- **PROVIDED INFORMATION**
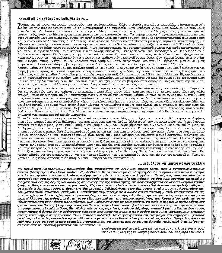 (Απόσπασμα από ανακοίνωση της «Συνέλευσης Αλληλεγγύης στους/στις καταληψίες της Κοινότητας Κουκακίου» τον Νοέμβρη του 2025)
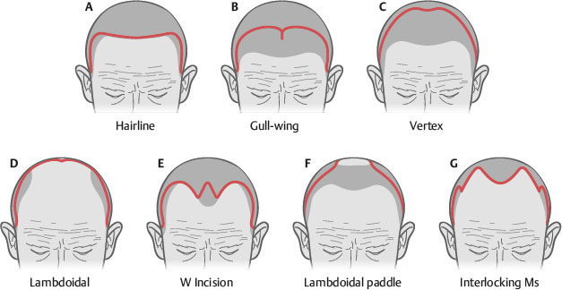 Atypical hairline patients are often challenging, with thin or balding hair. Often, small incisions for endoscopic-assisted procedures or custom incisions are made for these patients (Fig. 33-4). For males who have residual hair in the temporal scalp area, the limited incision procedure is often appropriate.
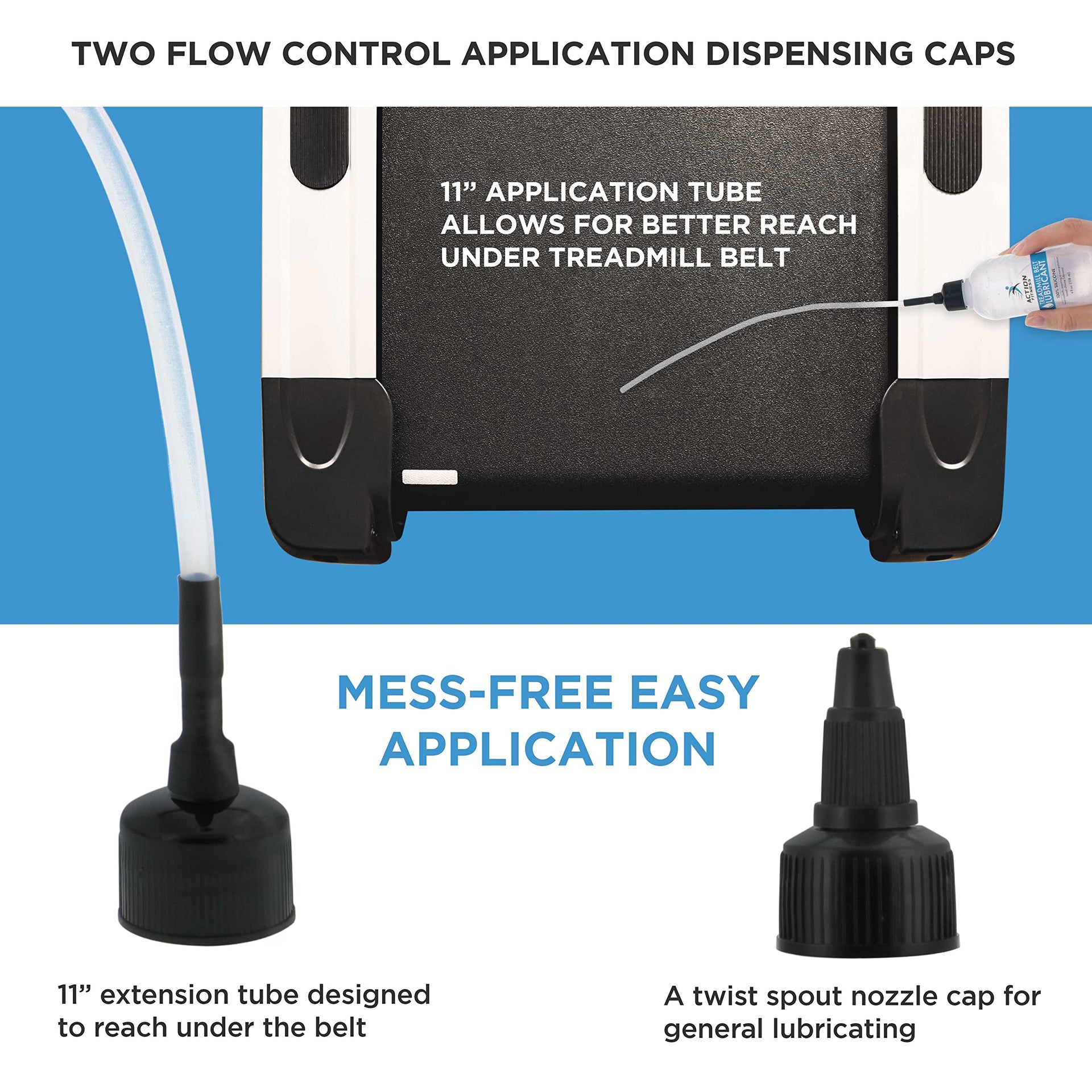 Action Fitness 100% Silicone Treadmill Belt Lubricant, 4-Ounce Bottle with Both an Application Tube and a Twist Spout Cap - Easy to Apply Lube, Controlled Flow, Full Belt Width Lubrication - Odorless
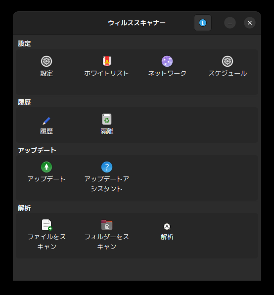 起動直後の状態です。 2023年4月24日の時点で、下記のバージョンでした。 操作方法については、「デスクトップ環境構築 - 共通事項 - ClamTk」をご参照ください。 |
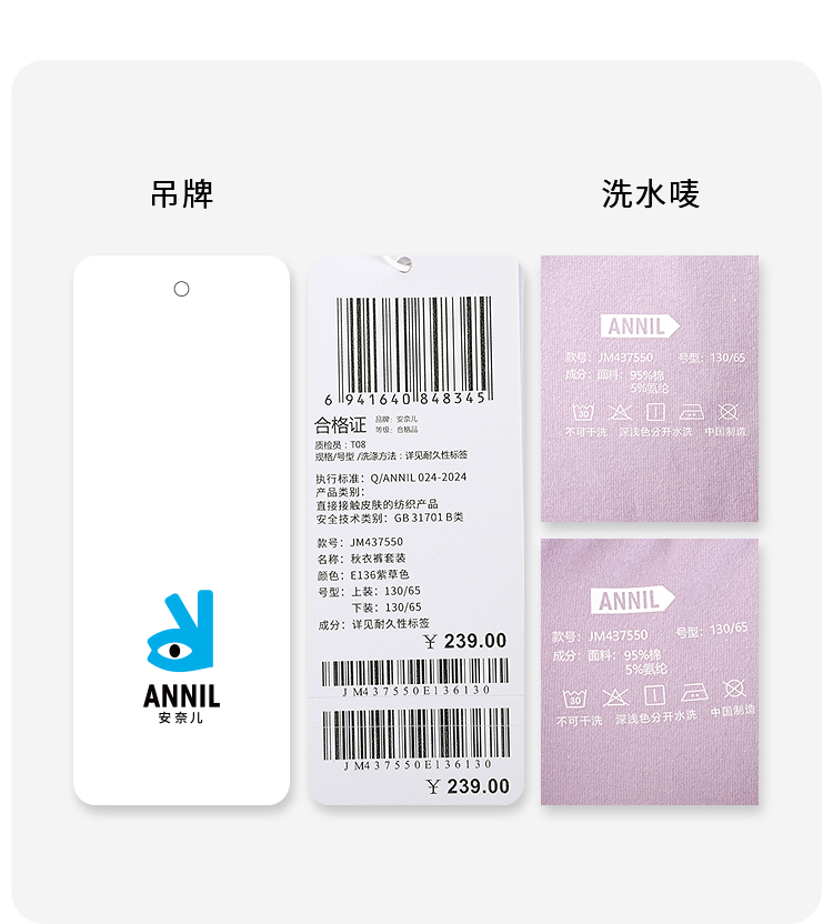 安奈儿童装男女童秋衣裤套装2024秋新款JM437550
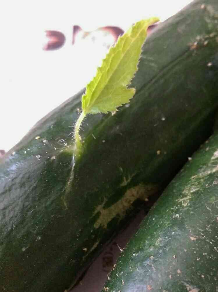 うちの畑で採れたキュウリから小さな葉っぱが生えてました。こんなキュウリが出来たのは初めてです。
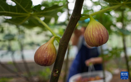 8月24日在新泰市龍廷鎮(zhèn)拍攝的進(jìn)入收獲期的無(wú)花果。(新華社記者 徐速繪 攝)
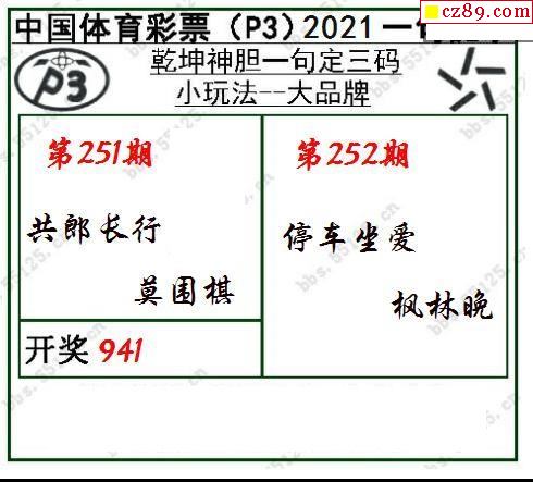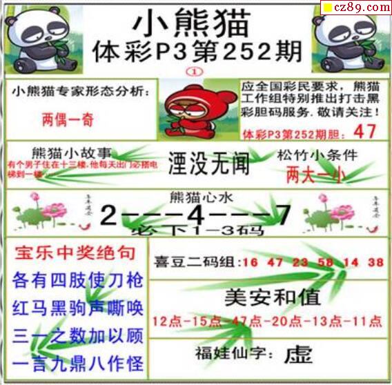 2021年252期牛彩网体彩P3画迷图谜汇总分享
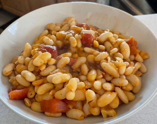 - Pour the sauce onto the beans, add 1 cup of water and simmer for 20 mins or until sauce thickens.
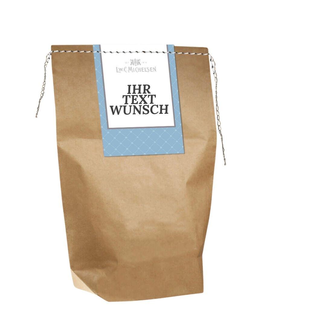 Persönliche Grußzeilen können in Schwarz oder Farbe eingedruckt werden, das stilvolle Logo bleibt immer als Zeichen für Qualität bestehen. Ein Geschenk, das nicht nur Genuss, sondern auch Nachhaltigkeit vermittelt.
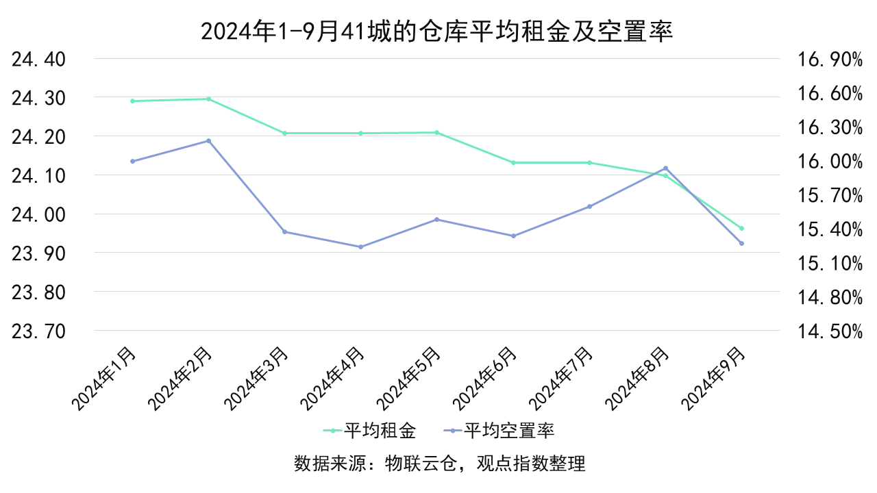 具體來看, 9月41個城市的平均租金為23.96元/平方米/月,環(huán)比下降0.57%,同比下降5.48%,而空置率為15.26%,環(huán)比下降0.74個百分點,同比上升3.12個百分點。

- **PROBLEM TO WORK ON**
Only an exact copy is wanted: the lines from the opening of the material through the line that has "Atypical hairline patients", minus any pictures.

- **EXERCISE RESPONSE**
 (Απόσπασμα από ανακοίνωση της «Συνέλευσης Αλληλεγγύης στους/στις καταληψίες της Κοινότητας Κουκακίου» τον Νοέμβρη του 2025)
 Atypical hairline patients are often challenging, with thin or balding hair. Often, small incisions for endoscopic-assisted procedures or custom incisions are made for these patients (Fig. 33-4). For males who have residual hair in the temporal scalp area, the limited incision procedure is often appropriate.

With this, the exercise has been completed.